And we haven’t discussed Messi, who’s playing with the pressure of a place in history. He’s won every other trophy multiple times, and it’d be a shame if not winning the World Cup was his only stain. What contemporary athlete do we expect more from than Messi? We present him with the most difficult puzzles our imaginations can think of, and make him solve them with quick feet and a change of pace as his only tools. Whereas Suarez is driven by balancing madness and brilliance, Messi calmly solves spatial challenges. With his individual goal against Bosnia and Herzegovina, his curler in extra time against Iran, and his free kick against Nigeria, he’s done the impossible and left Twitter speechless. We don’t try to describe his goals. We mash our keyboards and hit “tweet”; the world will understand.

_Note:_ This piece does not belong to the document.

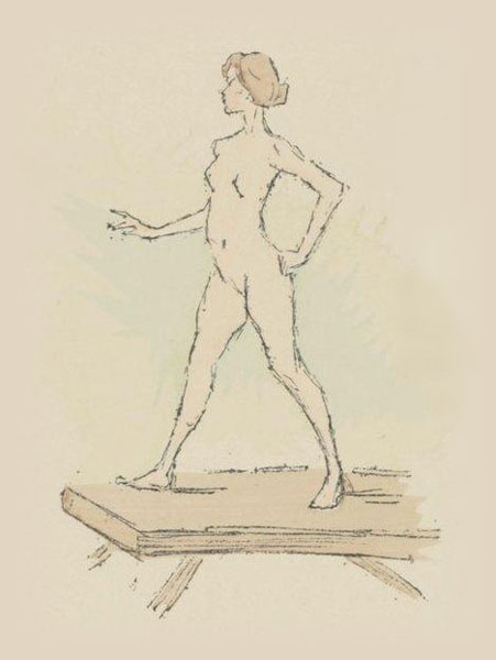 Elle n’a point posé. Elle le dit. Sa dénégation esquisse les gestes grêles et un peu javanais que nous connaissons à la danseuse de marbre. Eût-elle même posé que nos railleries se devraient taire—nos railleries banales qui la harcèlent.
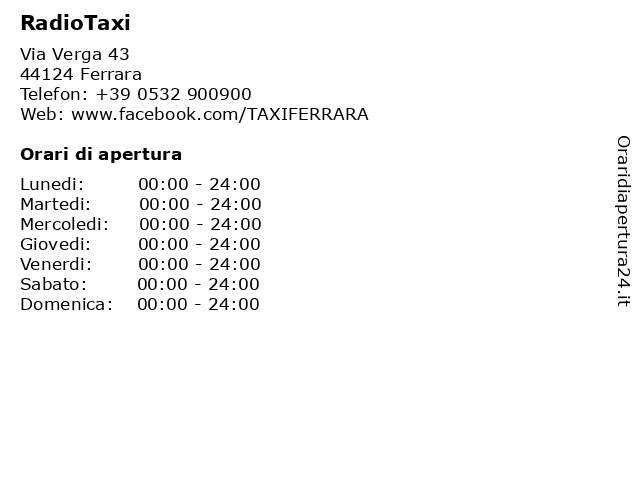 | Sabato | 00:00-24:00 |

In addition to the (or in conjunction with) the question of the tournament’s greatness, we have to ask another - why are the European sides struggling? This answer appears more easily explainable by us armchair managers at home. The sides are playing in hostile environments, far away from moderate temperatures. But Holland and France have had dominant performances and symbolically ended eras. Greece made it through to the next round only scoring two goals in three matches. That statistic is either the worst of pragmatism, or beautifully efficient. And there has to be a soft spot, or at least a smirk, at the thought of Greece scoring on a stoppage time penalty kick in the third and final match to move on. 

So maybe the European question is a round about way of mourning Spain’s demise. The shock of Suarez, the surprise of Costa Rica, and South America’s quality aside, this is the biggest story of the tournament’s group stages. We barely said our goodbyes before those intricate triangles we grew accustomed to over the last six years were replaced by the quick counters of Rodriguez and acrobatics of Van Persie. Coupled with Pirlo’s retirement, the changing of the era feels complete.